Worst…Gaming Movie…EVER!

My god, everyone. I think we are approaching crappiness Nirvana here. When Pixels came out, I could not imagine a worse video game movie. It was patronizing, childish, and just the absolute worst thing I have seen in theaters. But Pixels was bad because it actively made fun of its fans.

Hitman: Agent 47 is bad for an entirely different reason.

Scoring a miserable 8% on Rotten Tomatoes’ Tomatometer, up from its record low 4%, this Hitman adaptation was billed as being absolutely faithful to the games. Agent 47 wouldn’t do anything that he didn’t do in the games, which should be a good thing… right?
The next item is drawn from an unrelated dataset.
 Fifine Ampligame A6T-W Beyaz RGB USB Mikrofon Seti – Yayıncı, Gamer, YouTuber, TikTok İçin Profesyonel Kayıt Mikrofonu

But now think for a minute, what does Agent 47 do in the games? Doesn’t he just kill people? Hitman games aren’t exactly known for their blockbuster plots.
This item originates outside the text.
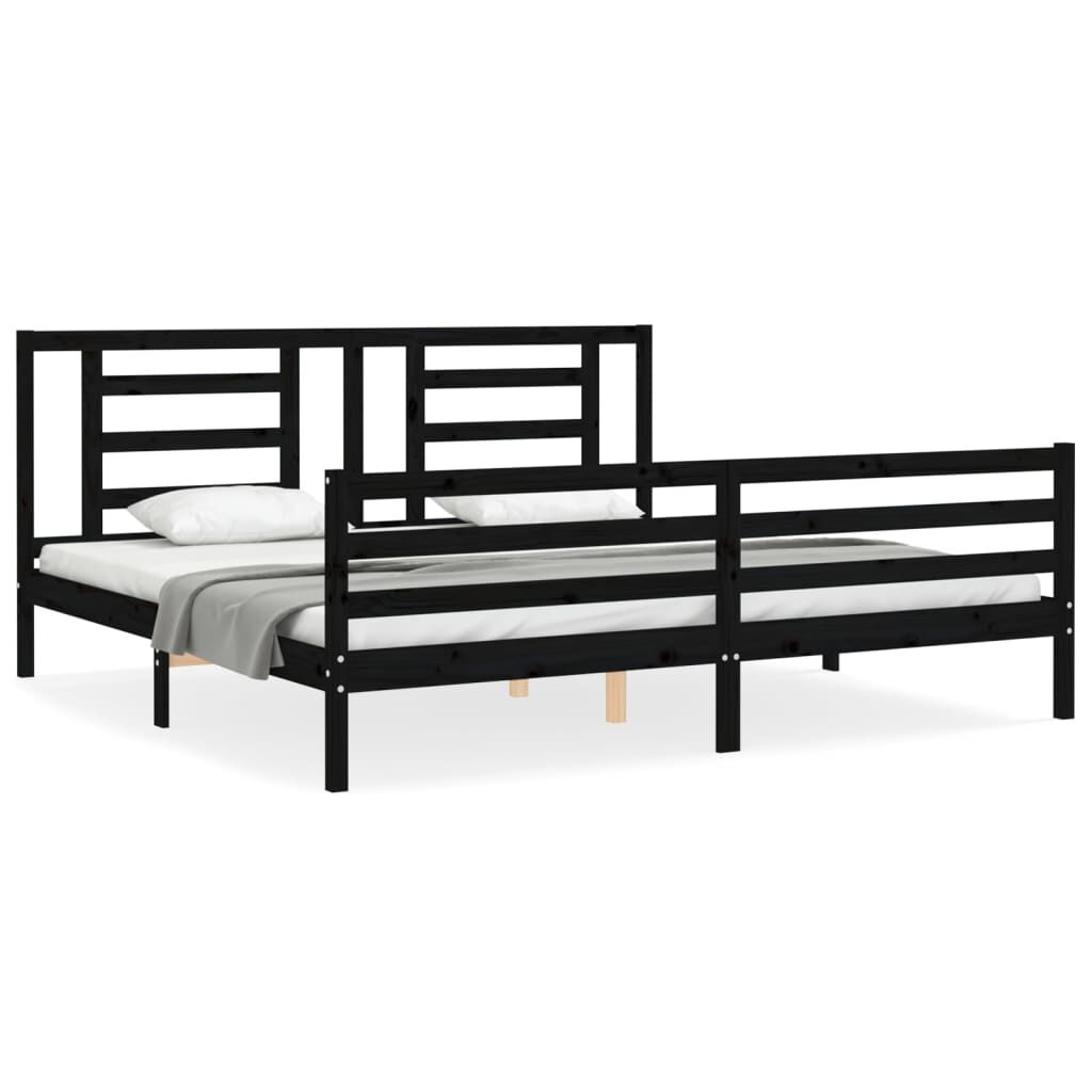 vidaXL voodiraam peatsiga, must, 200 x 200 cm, täispuit

And this is, in fact, translated over into the movie, in that the only thing Agent 47 really does is kill people. Or at least, he tries to. You may be thinking “wouldn’t that get old very quick?” It would, so Agent 47 is put up against someone who is basically unkillable. Played by Zachary Quinto, this character has subdermal body armor. Basically it means he is bullet-proof and knife-proof.

Yes, it’s that stupid.

So the only thing the movie is, is back to back scenes of Agent 47 trying, and failing, to kill this one person. He succeeds in killing a whole bunch of lesser characters that aren’t really important, but that’s not what people want to see.

Worst…Gaming Movie…EVER!

This is where the movie fails spectacularly. It’s very obviously action porn, and there’s nothing particularly wrong with that. Mad Max: Fury Road was action porn, and it was phenomenal. But remember how I said Mad Max doesn’t treat its audience like idiots? Agent 47 treats its audience like people who are barely paying attention.
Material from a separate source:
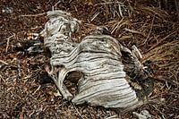 Een boomstronk gebleekt door de zon langs de waterkant van het Gileppe stuwmeer in de Belgische Ardennen.

Not only is there almost no plot in the movie to speak of, but nearly everything is handwaved away with video game logic. Characters live or die for no reason. One character treats lung cancer with an asthma inhaler. There’s a scantily-clad woman that is supposed to act as Agent 47’s love interest, but no scenes show any chemistry between them, and even though the movie is rated R there’s no sex, no romance, nothing to even hint at a serious plot other than, “that’s the woman that needs to be saved.”

In a way, Agent 47 is far too much like a video game. The scenes progress like levels, with inexplicable task being replaced with inexplicable task. Everything is in service to the fight scenes, and in a game that would work. The plot is filled in by character interaction. Your actions as the player tell the story. But in a movie, we have to actually be shown this plot, and we aren’t… not even a little.

In short, Hitman: Agent 47 is a Let’s Play with better graphics and no commentary, and that’s not as much  fun as you might think.